Über das Unwirkliche im Film

Es war nicht leicht, für das psychologische Filmseminar dieses Semesters einen passenden Titel zu finden, und auch der, auf den wir uns schließlich faute de mieux geeinigt haben, umfaßt rein begrifflich sehr viel mehr, als letzten Endes gemeint ist und gemeint sein kann. Denn »unwirklich« ist schließlich jeder Filminhalt — nicht der Film an sich: der ist psychologisch und soziologisch höchst bedeutsame Wirklichkeit —, und Unwirkliches im engeren Sinne, d. h. jeder möglichen Realität Widersprechendes, finden wir in vielen Filmgattungen, in Märchen-‚ Grusel-, Horrorfilmen, in surrealistischen und Sience-Fiction-Filmen, von den sogenannten »historischen« ganz zu schweigen, wir finden es in Streifen, die der Werbung oder der Propaganda dienen, und schließlich auch dort, wo es nur allzu viele nicht vermuten, in Heimat- und Liebesschnulzen.

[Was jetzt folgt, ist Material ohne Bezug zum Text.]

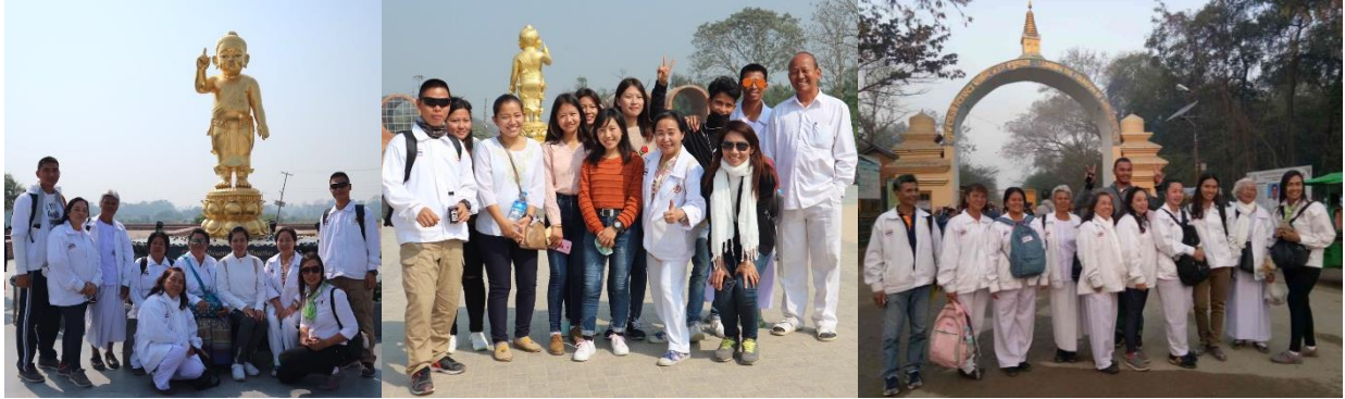
กิจกรรมโครงการฯ : สวดมนต์ทำวัตร เจริญสมาธิภาวนา ณ เสาหินพระเจ้าอโศก-มยาเทวีวิหาร สถานที่ประสูติ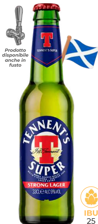
TENNENT'S SUPER Ab-Inbev Spa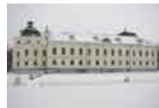
Vánoční přání občanům str. 20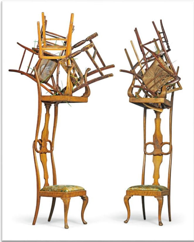
"In The Woods' a Chair" 2009 (Ryan)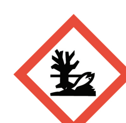
อันตรายต่อ สิ่งแวดล้อม

Das Unwirkliche hingegen, das wir meinen, ist schwer zu definieren, eher noch intuitiv zu erfassen. Es kreiert daher auch keine eigene Filmgattung. Es hat etwas Märchenhaftes an sich, sprengt aber die tradierte Form des Märchens. Es handelt sich um eine Art des Unwirklichen, dessen dramaturgische Bedeutung darin liegt, daß sein Symbolcharakter, mag er einer Deutung zugänglich sein oder nicht, den ganzen Handlungsablauf durchwirkt. Klassische Prototypen dieses Genres sind eine Reihe französischer Filme der Nachkriegszeit, wie »La Belle et la Bête«, »Les Visiteurs du Soir« und vor allem »Orphée« — ein Beginn, der dann insbesondere im Schaffen Ingmar Bergmans einige beinahe schon exzessiv zu nennende Höhepunkte erreichen sollte.
Die meisten dieser Filme sind sehr eindrucksvoll, vor allem deswegen, weil sie sich, mit wenigen Ausnahmen, einer rationalen Deutung, ja selbst schon einer distanzierten Anschauung weitgehend entziehen. Sie wenden sich mehr noch als der normale Film an bewußtseinsferne oder unbewußte seelische Bereiche; aus diesem Grunde ist es für den Betrachter auch sehr schwierig, derartige Bildinhalte unter Kontrolle zu bekommen. Wenn sie daher auch allgemein als »gute« Filme gelten, so ist damit über die psychologische Wirkung noch lange nichts gesagt.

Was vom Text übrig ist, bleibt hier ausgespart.